(Exercise requirements):
Give the listing below again exactly, but without any of its pictures.

(Material provided):
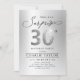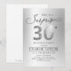 Moderno Shhh, es una invitación sorpresa para la fiesta de cumpleaños número 30, incluye un guión elegante y un falso purpurina plateado número 30 y detalles de su fiesta sobre el fondo plateado, simple y elegante, una gran sorpresa para adultos invitaciones para cumpleaños para hombres y mujeres. el color de fondo negro puede cambiarse a cualquier color de su elección.
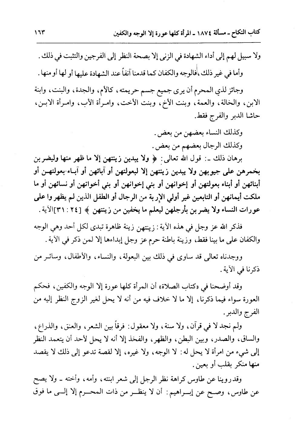 بُرْهَانُ ذَلِكَ: قَوْلُ اللَّهِ تَعَالَى: {وَلا يُبْدِينَ زِينَتَهُنَّ إِلا مَا ظَهَرَ مِنْهَا وَلْيَضْرِبْنَ بِخُمُرِهِنَّ عَلَى جُيُوبِهِنَّ وَلا يُبْدِينَ زِينَتَهُنَّ إِلا لِبُعُولَتِهِنَّ أَوْ آبَائِهِنَّ أَوْ آبَاءِ بُعُولَتِهِنَّ أَوْ أَبْنَائِهِنَّ أَوْ أَبْنَاءِ بُعُولَتِهِنَّ أَوْ إِخْوَانِهِنَّ أَوْ بَنِي إِخْوَانِهِنَّ أَوْ بَنِي أَخَوَاتِهِنَّ أَوْ نِسَائِهِنَّ أَوْ مَا مَلَكَتْ أَيْمَانُهُنَّ أَوِ التَّابِعِينَ غَيْرِ أُولِي الإِرْبَةِ مِنَ الرِّجَالِ أَوِ الطِّفْلِ الَّذِينَ لَمْ يَظْهَرُوا عَلَى عَوْرَاتِ النِّسَاءِ وَلا يَضْرِبْنَ بِأَرْجُلِهِنَّ لِيُعْلَمَ مَا يُخْفِينَ مِنْ زِينَتِهِنَّ} [النور: 31] الْآيَةَ.
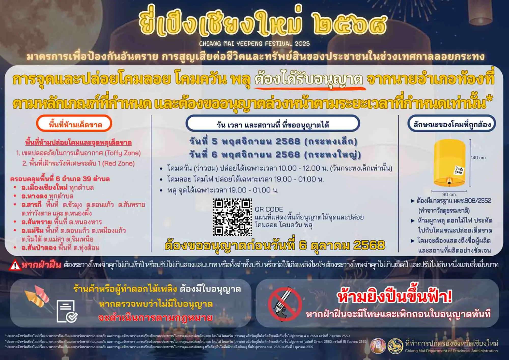 ทั้งนี้ จังหวัดเชียงใหม่มุ่งหวังให้การจัดงานประเพณียี่เป็ง 2568 เป็นไปด้วยความเรียบร้อย ปลอดภัย และคงไว้ซึ่งวัฒนธรรมอันดีงาม จึงขอความร่วมมือจากทุกภาคส่วนในการปฏิบัติตามมาตรการที่กำหนดอย่างเคร่งครัด หากมีข้อสงสัยเพิ่มเติม สามารถสอบถามได้ที่ ที่ทำการปกครองจังหวัดเชียงใหม่ กลุ่มงานปกครอง ฝ่ายการอนุญาตทางปกครอง หมายเลขโทรศัพท์ 0 5311 2639

(Output for this exercise):
 Moderno Shhh, es una invitación sorpresa para la fiesta de cumpleaños número 30, incluye un guión elegante y un falso purpurina plateado número 30 y detalles de su fiesta sobre el fondo plateado, simple y elegante, una gran sorpresa para adultos invitaciones para cumpleaños para hombres y mujeres. el color de fondo negro puede cambiarse a cualquier color de su elección.
 بُرْهَانُ ذَلِكَ: قَوْلُ اللَّهِ تَعَالَى: {وَلا يُبْدِينَ زِينَتَهُنَّ إِلا مَا ظَهَرَ مِنْهَا وَلْيَضْرِبْنَ بِخُمُرِهِنَّ عَلَى جُيُوبِهِنَّ وَلا يُبْدِينَ زِينَتَهُنَّ إِلا لِبُعُولَتِهِنَّ أَوْ آبَائِهِنَّ أَوْ آبَاءِ بُعُولَتِهِنَّ أَوْ أَبْنَائِهِنَّ أَوْ أَبْنَاءِ بُعُولَتِهِنَّ أَوْ إِخْوَانِهِنَّ أَوْ بَنِي إِخْوَانِهِنَّ أَوْ بَنِي أَخَوَاتِهِنَّ أَوْ نِسَائِهِنَّ أَوْ مَا مَلَكَتْ أَيْمَانُهُنَّ أَوِ التَّابِعِينَ غَيْرِ أُولِي الإِرْبَةِ مِنَ الرِّجَالِ أَوِ الطِّفْلِ الَّذِينَ لَمْ يَظْهَرُوا عَلَى عَوْرَاتِ النِّسَاءِ وَلا يَضْرِبْنَ بِأَرْجُلِهِنَّ لِيُعْلَمَ مَا يُخْفِينَ مِنْ زِينَتِهِنَّ} [النور: 31] الْآيَةَ.
 ทั้งนี้ จังหวัดเชียงใหม่มุ่งหวังให้การจัดงานประเพณียี่เป็ง 2568 เป็นไปด้วยความเรียบร้อย ปลอดภัย และคงไว้ซึ่งวัฒนธรรมอันดีงาม จึงขอความร่วมมือจากทุกภาคส่วนในการปฏิบัติตามมาตรการที่กำหนดอย่างเคร่งครัด หากมีข้อสงสัยเพิ่มเติม สามารถสอบถามได้ที่ ที่ทำการปกครองจังหวัดเชียงใหม่ กลุ่มงานปกครอง ฝ่ายการอนุญาตทางปกครอง หมายเลขโทรศัพท์ 0 5311 2639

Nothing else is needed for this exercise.